Re: VACUUM ANALYSE...

From
"Thilo Hille"
Date:
> Could you run the cron job more often?  That way, you'd be spreading
> the pain and each VACUUM ANALYSE would be doing less work.
It wouldnt change that much i suppose. I think the bottleneck is a table
which contains about 2.5 million records.
Even when running "vacuum analyse" twice without changing data in between
the second takes also a lot of time.
Also at night the usage of the Database is noticable less.
When starting Vacuum @daytime i can instantly watch the number of
postmasterclients and the sysload increasing very fast. Are the tables
writelocked during vaccum?

Thanks
Thilo


Re: VACUUM ANALYSE...

From
Tom Lane
Date:
"Thilo Hille" <thilo@resourcery.de> writes:
> shared_buffers =70000
> max_fsm_relations = 100
> max_fsm_pages = 2000
> sort_mem = 128
> vacuum_mem = 8192

If your DB is large enough that it takes an hour to run VACUUM, then
those FSM parameters are surely way too small.  I'd try something
like 1000/1000000 for starters.

Also, boosting vacuum_mem might help speed up VACUUM, if you have a
reasonable amount of RAM in the box.  (Instead of 8192 = 8Mb, try
50000 or so.)

BTW, what *is* the amount of RAM in the box?  I'm eyeing the
shared_buffers setting with suspicion.  It may be too high.
500Mb in shared buffers would very likely be more usefully spent
elsewhere.

It's very likely that the undersized FSM settings have caused the system
to leak a lot of disk space, and that the only way to recover it will
now be a VACUUM FULL.  Which will be painful :-(.  Can you show us the
output of VACUUM VERBOSE for your larger tables?

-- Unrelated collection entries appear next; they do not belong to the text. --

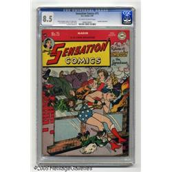 <B>Sensation Comics #75 (DC, 1948) CGC VF+ 8.5 Off-white to white pages.</B></I> Wonder Woman in action, H. G. Peter art, and "The Return of Shaggy the Leprechaun" -- what more could you ask for? The Wildcat backup story features an appearance by the Huntress (a villainess, not to be confused with the heroine of the same name). This is the only copy of this issue that CGC has certified to date. Overstreet 2004 VF 8.0 value = $240; VF/NM 9.0 value = $350.
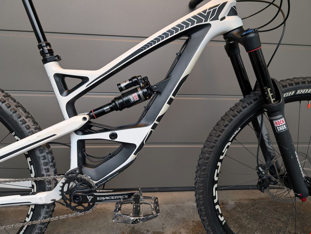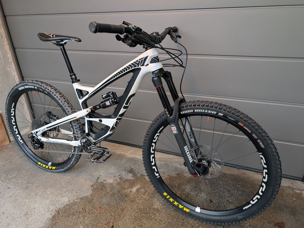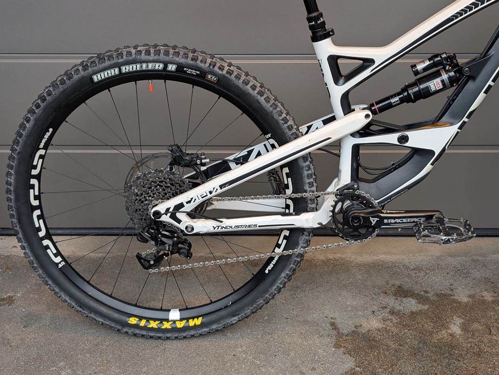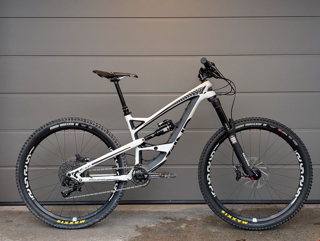 - YT Capra CF Comp 1 aus dem Jahr 2015 - Grösse S Das Bike wurde immer gut gewartet. Gabel und Dämpfer funktionieren einwandfrei. Die Bremsen wurden erst im letzten Herbst ersetzt. Der Vorderreifen ist neuwertig, der Hinterreifen wurde neu montiert. Das Hinterrad müsste noch zentriert werden. Sonst befindet sich das Bike in einem guten Zustand. Rahmen: YT Capra CF (Carbon) in Grösse S - 165mm Federweg Gabel: Rock Shox Pike RCT3 Solo Air 27.5 - 160mm Federweg Dämpfer: Rock Shox Monarch Plus+ High Volume Laufräder: ethirteen trs+ 27.5 Satelstütze: Rock Shox reverb Kurbeln: Race Face Turbine Lenker und Vorbaus: Race Face Atlas Schaltung: Sram X1 - 11-fach Pedalen: DMR Vault Bremsen: Sram Code RS Kettenblatt: Wolftooth Oval Chainring 28t Vorderreifen: Maxxis High Roller II 27.5x2.40 3C Maxxterra Exo Protection TR Tubeless Ready Hinterreifen: Maxxis High Roller II 27.5x2.40 Exo Protection Sattel: SDG Duster Lenkergriffe: Sensus
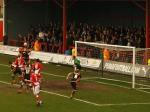 Luton started the second half with purpose and although Dean Brill in goal had the fans hearts in his mouth a few times with his handling the final score was never in doubt. Luton simply wanted the game more than Morecambe. Craddock became more influential and should have scored a couple himself, but it was left to veteran striker Kevin Gallen to score the winner after the Morecambe defence had stopped to appeal for an offside flag. The fans, many in their Eric Morecambe coats, wigs and glasses went wild and some jumped the advertising hordings, but sensible policing saw that this was not taken any further and calm was restored.

            regards, tom lane

Re: VACUUM ANALYSE...

From
"Thilo Hille"
Date:
> If your DB is large enough that it takes an hour to run VACUUM, then
> those FSM parameters are surely way too small.  I'd try something
> like 1000/1000000 for starters.
> Also, boosting vacuum_mem might help speed up VACUUM, if you have a
> reasonable amount of RAM in the box.  (Instead of 8192 = 8Mb, try
> 50000 or so.)
Done. Thanks.
I think it would run faster if there werent all those clients eating up cpu
and memory.
During vacuum i noticed 105 concurrent clients bothering the database.
>
> BTW, what *is* the amount of RAM in the box?  I'm eyeing the
> shared_buffers setting with suspicion.  It may be too high.
> 500Mb in shared buffers would very likely be more usefully spent
> elsewhere.
Amount of RAM is 1GB. At the moment postgres runs nearly alone on the
machine.
I believed it would be a good idea to set the shared buffers as high as
possible....
i lowered them to 50000.
> It's very likely that the undersized FSM settings have caused the system
> to leak a lot of disk space, and that the only way to recover it will
> now be a VACUUM FULL.  Which will be painful :-(.  Can you show us the
> output of VACUUM VERBOSE for your larger tables?
Here it comes.
Note: The FSM Values are 1000/1000000 & Vaccum mem increased to 50000.
Seems to be faster now.
_____________Vacuum output for larger tables:_____________________________
# VACUUM VERBOSE user_log;
NOTICE:  --Relation user_log--
NOTICE:  Pages 232907: Changed 0, Empty 0; Tup 2841267: Vac 0, Keep 0,
UnUsed 18478387
.
        Total CPU 17.89s/1.38u sec elapsed 386.31 sec.
VACUUM
# VACUUM VERBOSE fullstatistic;
NOTICE:  --Relation fullstatistic--
NOTICE:  Index fullstatistic_day_pleid_preid_i: Pages 9631; Tuples 91227:
Deleted 8761
1.
        CPU 0.42s/0.64u sec elapsed 55.21 sec.
NOTICE:  Removed 87611 tuples in 2382 pages.
        CPU 0.03s/0.31u sec elapsed 8.02 sec.
NOTICE:  Pages 118815: Changed 895, Empty 0; Tup 90646: Vac 87611, Keep 167,
UnUsed 87
77533.
        Total CPU 9.15s/1.76u sec elapsed 321.46 sec.
VACUUM
__________________________________________________________________
Are there other drawbacks but wasted diskspace?
Could you be more specific about the term 'painful'? *fear!*
VACUUM FULL will completely lock the tables?


Thank you
Thilo


Re: VACUUM ANALYSE...

From
Tom Lane
Date:
"Thilo Hille" <thilo@resourcery.de> writes:
>> BTW, what *is* the amount of RAM in the box?  I'm eyeing the
>> shared_buffers setting with suspicion.  It may be too high.
>> 500Mb in shared buffers would very likely be more usefully spent
>> elsewhere.

> Amount of RAM is 1GB. At the moment postgres runs nearly alone on the
> machine.
> I believed it would be a good idea to set the shared buffers as high as
> possible....
> i lowered them to 50000.

Nope.  There is a faction that thinks shared buffers should be as high
as possible, and there is another faction that favors keeping them
relatively small (I belong to the latter camp).  But both factions agree
that shared buffers near 50% of physical RAM is the worst scenario.
When you do that, what really happens is that most disk pages end up
being buffered twice: once in Postgres shared buffers and once in kernel
disk cache.  That's just wasting RAM.  You either give shared buffers
the bulk of RAM (and squeeze out kernel caching) or trim them down and
rely on the kernel to do most of the disk caching.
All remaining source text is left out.